» **Task brief**
Retype the data below exactly, skipping pictures.

» **Data below**
====

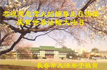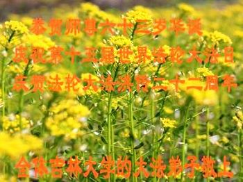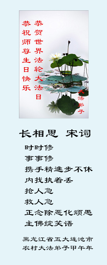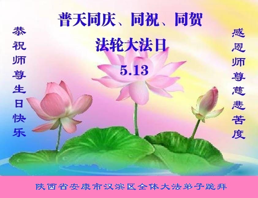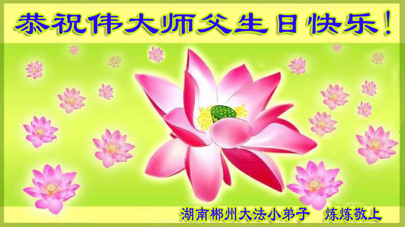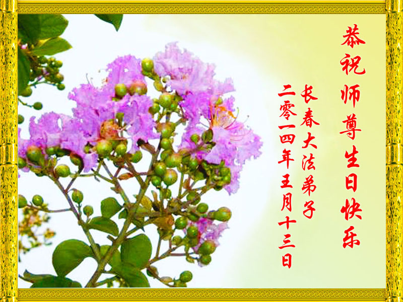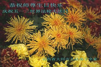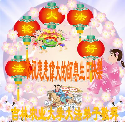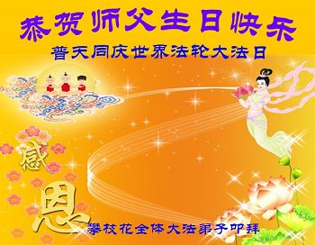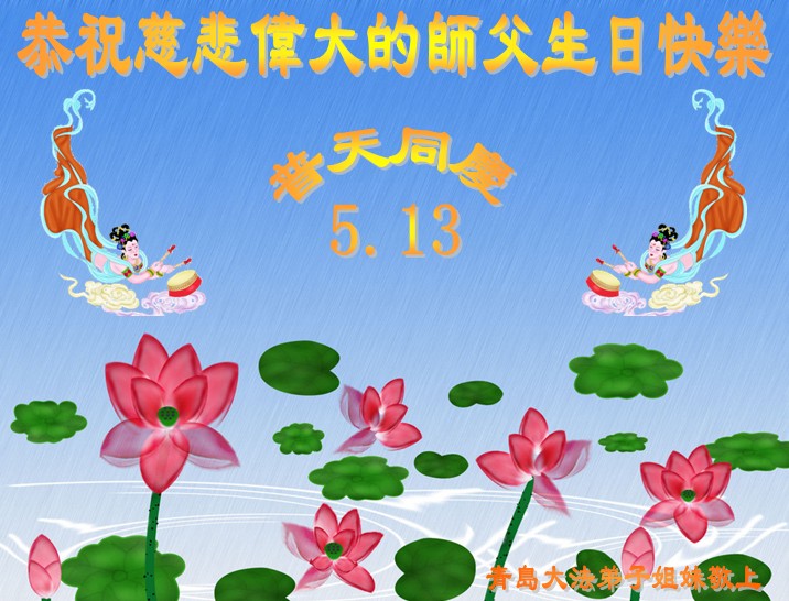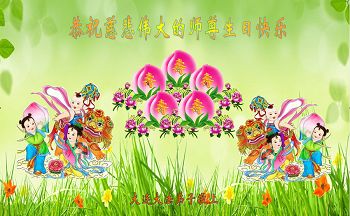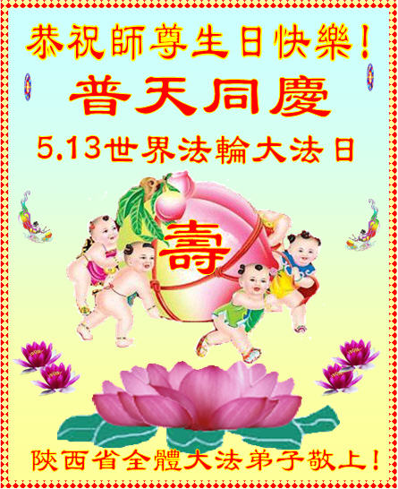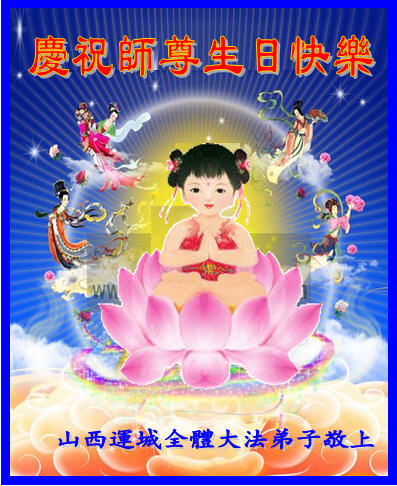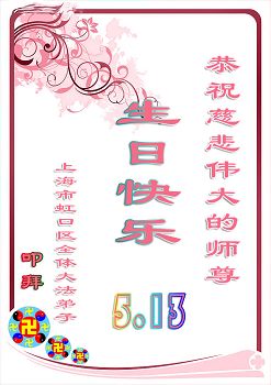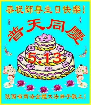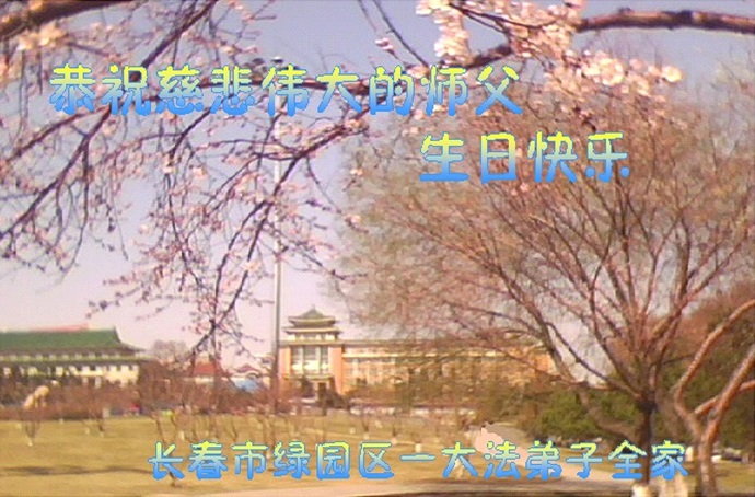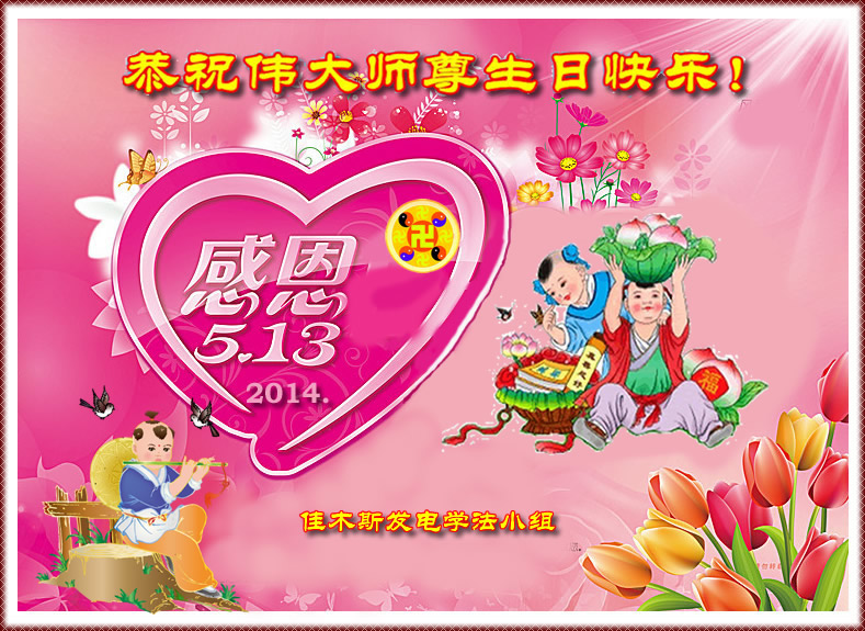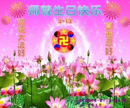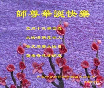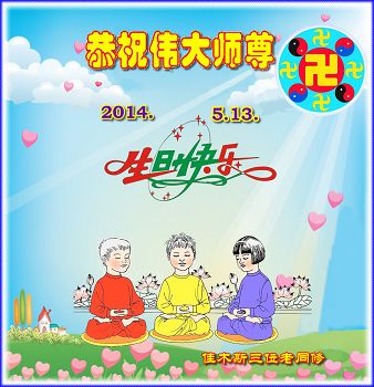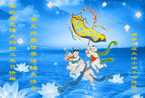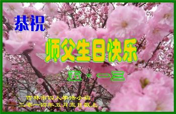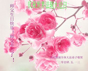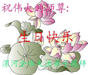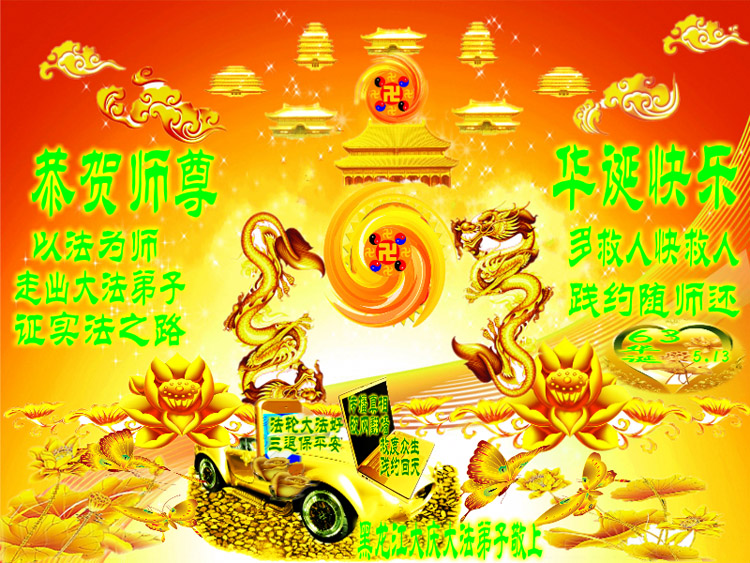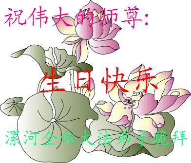 普天同庆的日子到来,我们没有什么可以敬献给伟大慈悲的李大师,唯有将内心诚挚的感恩化作缕缕春风送向大洋彼岸,真诚的祝福李大师生日快乐!我们期盼中共邪*党-早一天在中国大陆消失,恭迎李大师与法轮大法修炼者团聚!因为我们看到了他们那种想念师父的心情,那种久别以后期盼回到父母身边的思念无法用语言描述,同时也为我们自己祈祷,能够有天大的殊荣聆听慈悲的李大师为我们讲法。得救的生命跪拜慈悲伟大的李大师!
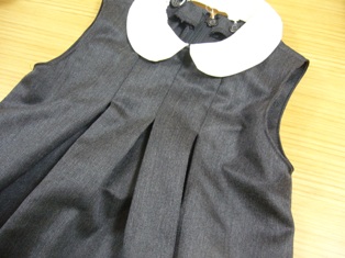 昨日はお祝いのお言葉いっぱいありがとうございました2日目の今日は大あらしで、波乱な幕開けなのですがマンションのお友達と待ち合わせて、集団登校ぽく元気に行きました。幼稚園の時より1時間早くなったので送り出すまでは大戦争でしたが・・・。しかし、朝の一時間が増えるのは大きいですね~~なんだかとっても充実した午前中を過ごせました。昨日のスーツの詳細写真です。まずはワンピース悪戦苦闘しながらパターンをおこしました。襟を変えて遊ぶデザインをぐんぐんかわいくなる少女の服の本で見てかわいかったので襟が変えられるように、ボタンでとめるようにしました。この本は使い勝手の良くておしゃれなデザインが多くてお勧めです。ジャケットはおすましファーコートの時のパターンを使いました。その上うれしいことに布地が三分の一の価格で特売してたので材料費全部入れても3000円かかってないんです・・・にんまり先日作った私のスーツもまずまずでした。
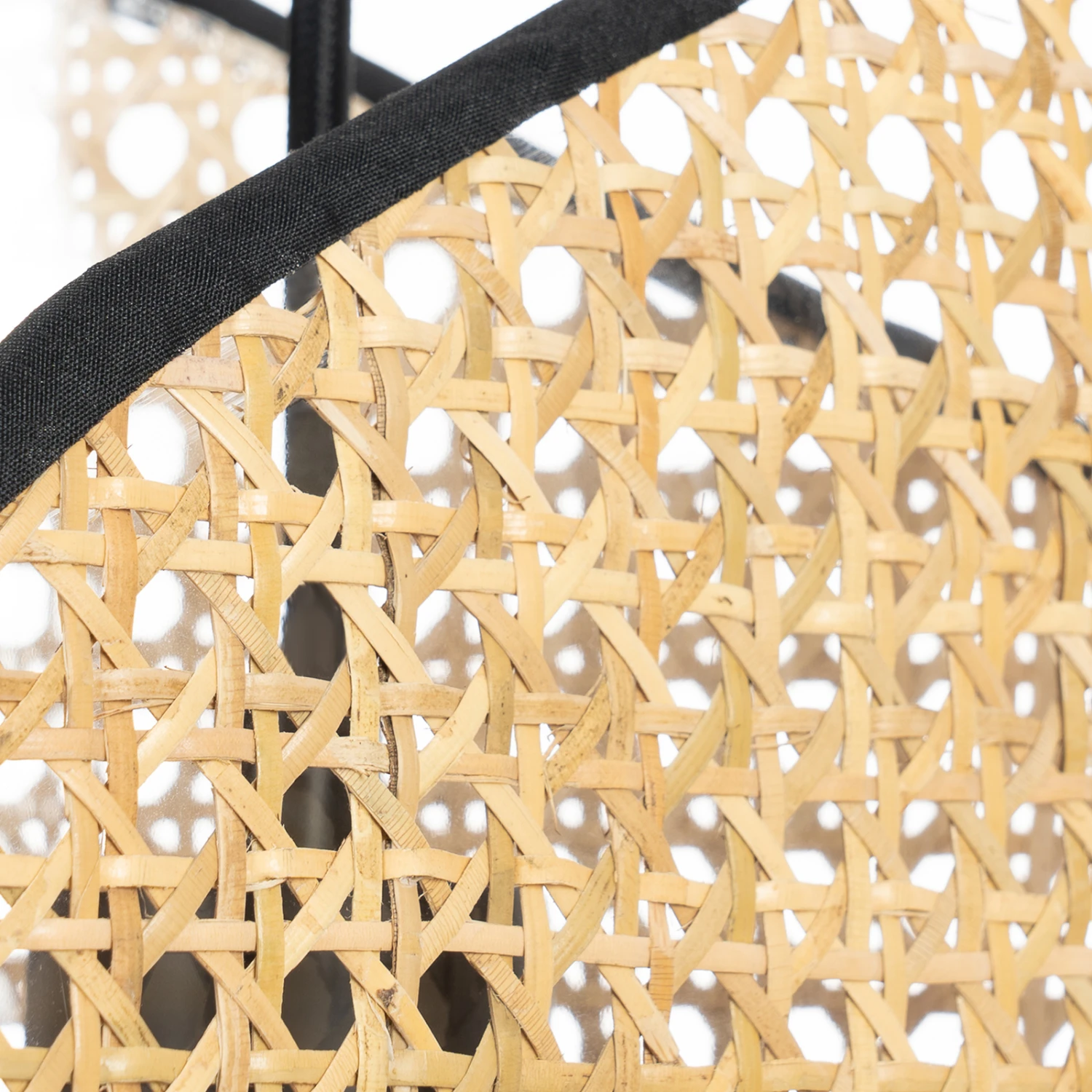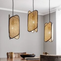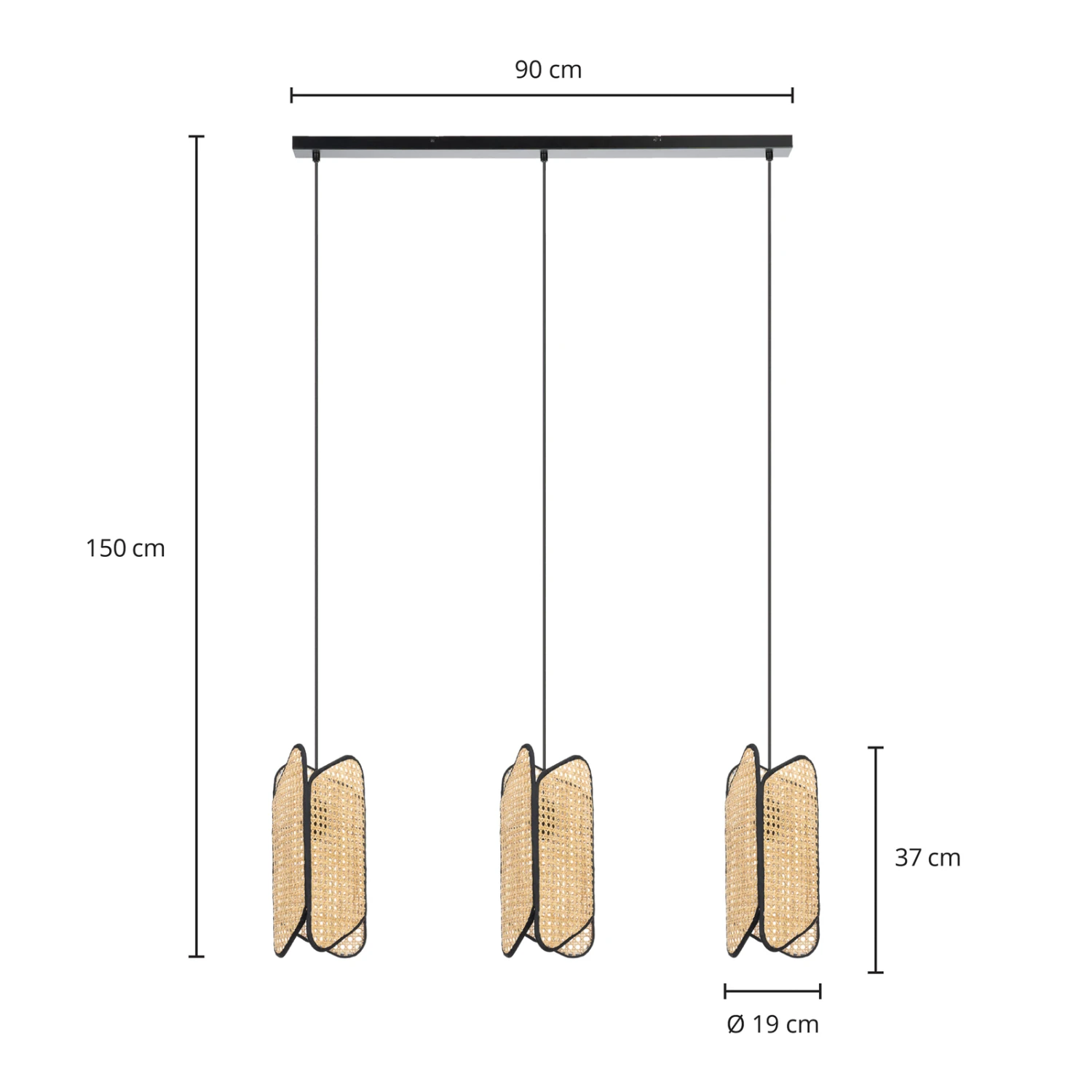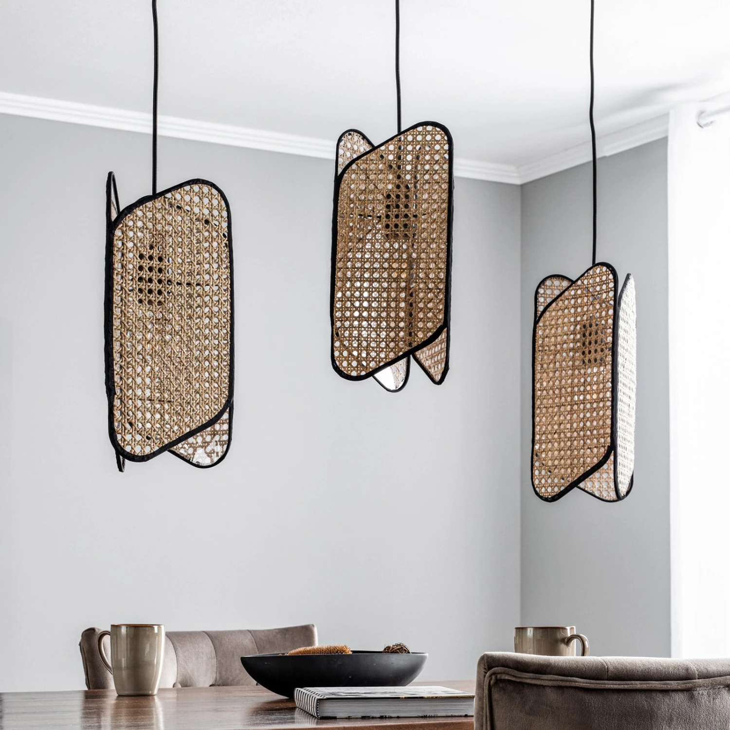 Dreiflammige Design-Pendelleuchte Bassiola mit dreiseitigen Lampenschirmen aus Bambus im Wiener Geflecht

====

» **Exercise solution**
 普天同庆的日子到来,我们没有什么可以敬献给伟大慈悲的李大师,唯有将内心诚挚的感恩化作缕缕春风送向大洋彼岸,真诚的祝福李大师生日快乐!我们期盼中共邪*党-早一天在中国大陆消失,恭迎李大师与法轮大法修炼者团聚!因为我们看到了他们那种想念师父的心情,那种久别以后期盼回到父母身边的思念无法用语言描述,同时也为我们自己祈祷,能够有天大的殊荣聆听慈悲的李大师为我们讲法。得救的生命跪拜慈悲伟大的李大师!
 昨日はお祝いのお言葉いっぱいありがとうございました2日目の今日は大あらしで、波乱な幕開けなのですがマンションのお友達と待ち合わせて、集団登校ぽく元気に行きました。幼稚園の時より1時間早くなったので送り出すまでは大戦争でしたが・・・。しかし、朝の一時間が増えるのは大きいですね~~なんだかとっても充実した午前中を過ごせました。昨日のスーツの詳細写真です。まずはワンピース悪戦苦闘しながらパターンをおこしました。襟を変えて遊ぶデザインをぐんぐんかわいくなる少女の服の本で見てかわいかったので襟が変えられるように、ボタンでとめるようにしました。この本は使い勝手の良くておしゃれなデザインが多くてお勧めです。ジャケットはおすましファーコートの時のパターンを使いました。その上うれしいことに布地が三分の一の価格で特売してたので材料費全部入れても3000円かかってないんです・・・にんまり先日作った私のスーツもまずまずでした。
 Dreiflammige Design-Pendelleuchte Bassiola mit dreiseitigen Lampenschirmen aus Bambus im Wiener Geflecht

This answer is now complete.